“Moneva!” his spirit cry, “Mon…!”—but the torrid shock of the bullet tearing through his throat choked off her name in his last breath. He hunched forward clutching the reins, the ground undulant like a wind-risen sea. A war club struck his head a fatal blow. He pitched back and fell, death-stunned and trembling—the Tasoom drawn off by the tidal pull of a thousand beasts thundering underground.
The shadow cast over the dying gaze belonged to Sweet Medicine.
“This one I knew,” he said, holding his brethren at bay; “His hair-shirt was sown by one of the People. We called him the Spirit Hunter. His medicine was strong. Today he rode unarmed and wished to die. Leave him to the wind and grasses. Let Ho’ne bear his scalp away, Okoka take his eyes. Let us honor he who rode like our Comanche brothers.”

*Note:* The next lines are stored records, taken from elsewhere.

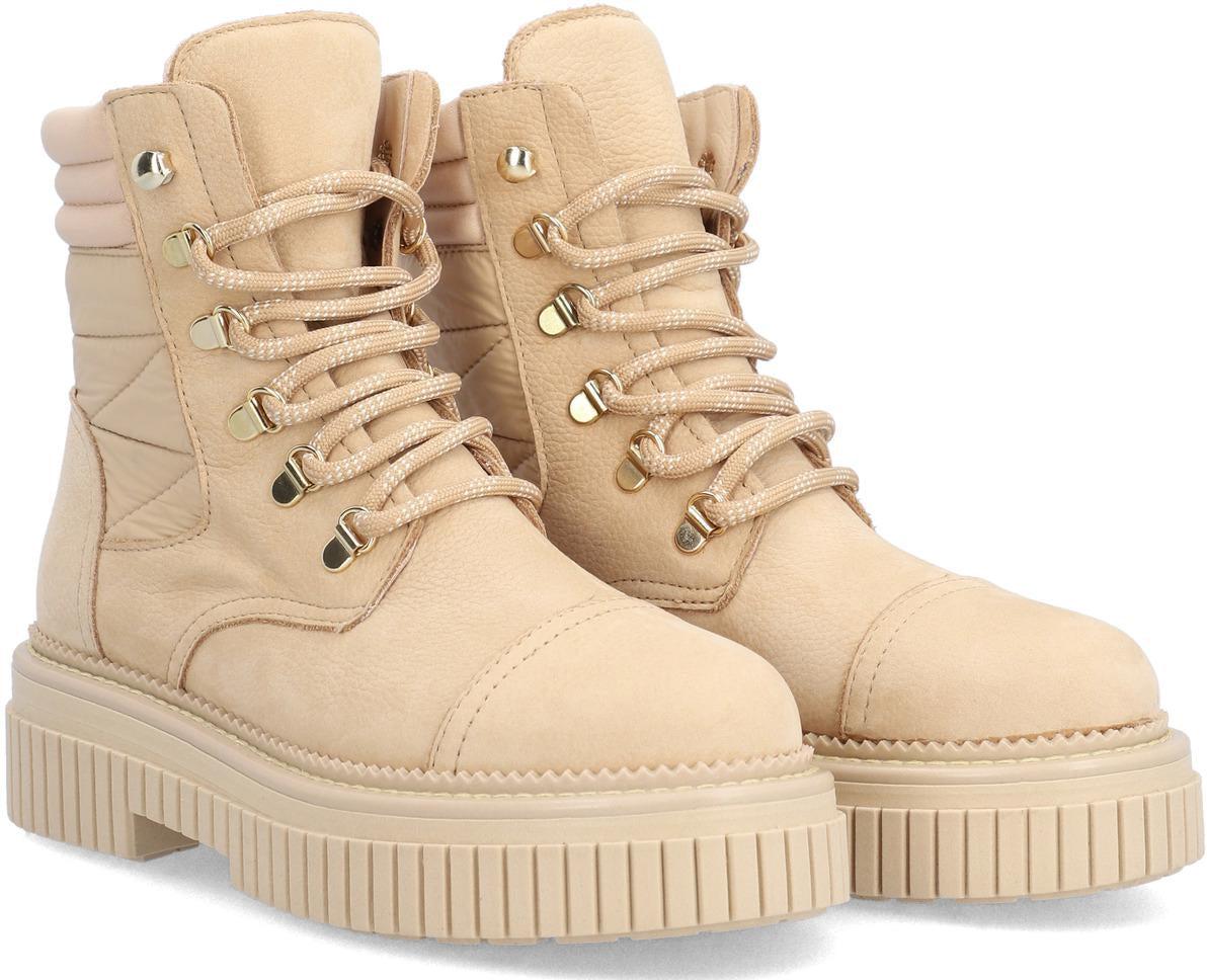 Botte femme ALPE BIMBA, réalisée en cuir nubuck ton cannelle. Il est doté d'une plateforme de 5 cm, d'une semelle antidérapante et d'un bout rond. Elle se ferme avec des lacets et possède une tige basse.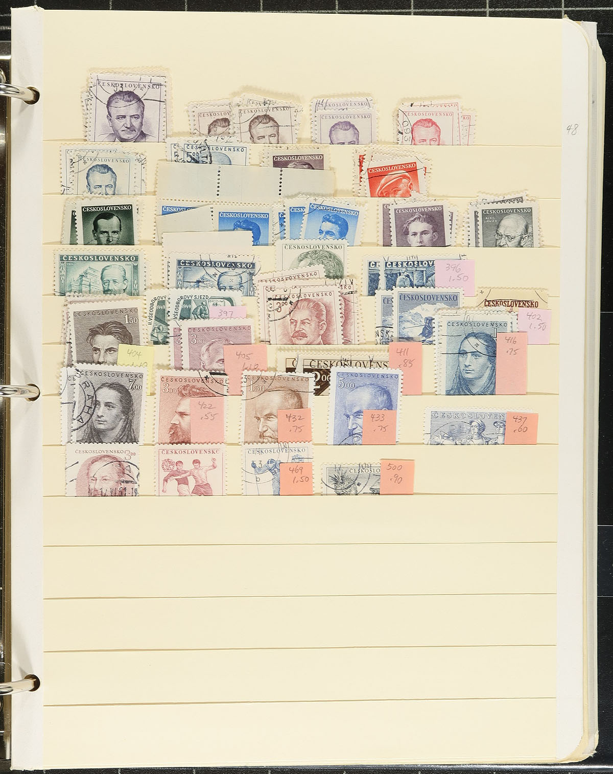An extensive three binder stock with a wide range of Czech issues. Volume 1 is a used stock (more like a collection in places), chronologically mounted in 39 manila stockpages from the early issues up to the early 2000's, plus a good offering from the "back of the book". Volume 2 is a binder with 42 manila stockpages filled with large blocks (up to folded panes) of mint issues from the 1960's to early 1990's (obviously there is heavy duplication here). The final binder is a stock of mostly used Bohemia and Moravia (again with lots of "back of the book"), from the occupation and war era on manila stockpages. There isn’t much material here with significant individual value, but there is extensive coverage, light to moderate duplication, good condition, well organized and perfect for building on (plus there are over 100 manila stockpages!). Estimate alue =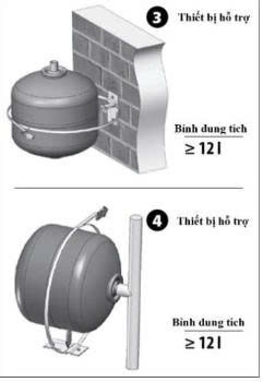 – Trong trường hợp phải dùng nhiều bình tích áp được kết nối nối tiếp hoặc song song với nhau, chúng bắt buộc phải được kết nối ở cùng một mặt phẳng. – – Nếu Bình áp lực có dung tích trên 12L được lắp, gắn lên trên, cần phải có một bộ phận đỡ thích hợp, nếu không có bộ phận hỗ trợ thì không được lắp tránh gây ra hậu quả nghiêm trọng.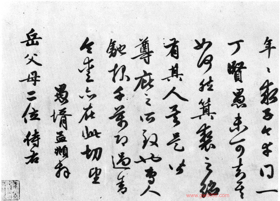 年年求子。今幸得一丁。贤愚未可知其如何。然箕裘之绍。有其人矣。是皆尊庇之所致也。专人驰报。千万即过舍。令爱亦在此切望。愚壻孟頫拜。岳父母二位侍右。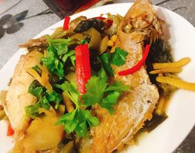 锅下油,油热后把沥干水分的敌仔鱼放入煎成两面金黄色(如果喜欢吃原味的可以省略这煎的步骤,直接和酸菜姜丝一起焖煮)

One took the knife; another caught the horse. And they left the body lay as Sweet Medicine bade them.
Epilogue
A week following his tragic vision of Golgotha, Muldarrin resigned from the Army, troubled by his perceived failure of a friend, however foredoomed. Nor had he stomach for the coming war. Returning East, he became a professor of the classics. Annually his students noted how he reserved an especial fervor for Jason and the Golden Fleece, ever plumbing its depths to reclaim a sense of wonder and youth, of love and quest—of something forever lost, too precious to forget, impossible to retrieve.
Lieutenant Hastings survived his wound and served with distinction during the conflict soon waged on the South Plains. Following which he too resigned, called to a higher duty derived from his experience—hands bloodied and heart wiser, he sought a truth more personal and enduring, and devoted the rest of his life to the service of the conquered people, becoming a passionate advocate for just treatment of the Indian.
And Alice made good her escape. On the second day north of Dodge, she and Hans met with a wayfaring pilgrim, a circuit rider of haunted mien; but he could read the Bible as good as any and blessed their union. So she arrived in Lebanon, Georgiana Mustrieg, an honest woman; she’d even acquired a slight accent, though more Slavic than German. Reticent, austere, a picture of virtue whom none would suspect. And dutifully, but sadly, she parted with Hesta—bequeathed with heirloom of robe, rattle, and madstone—and delivered her to Luther and Martha.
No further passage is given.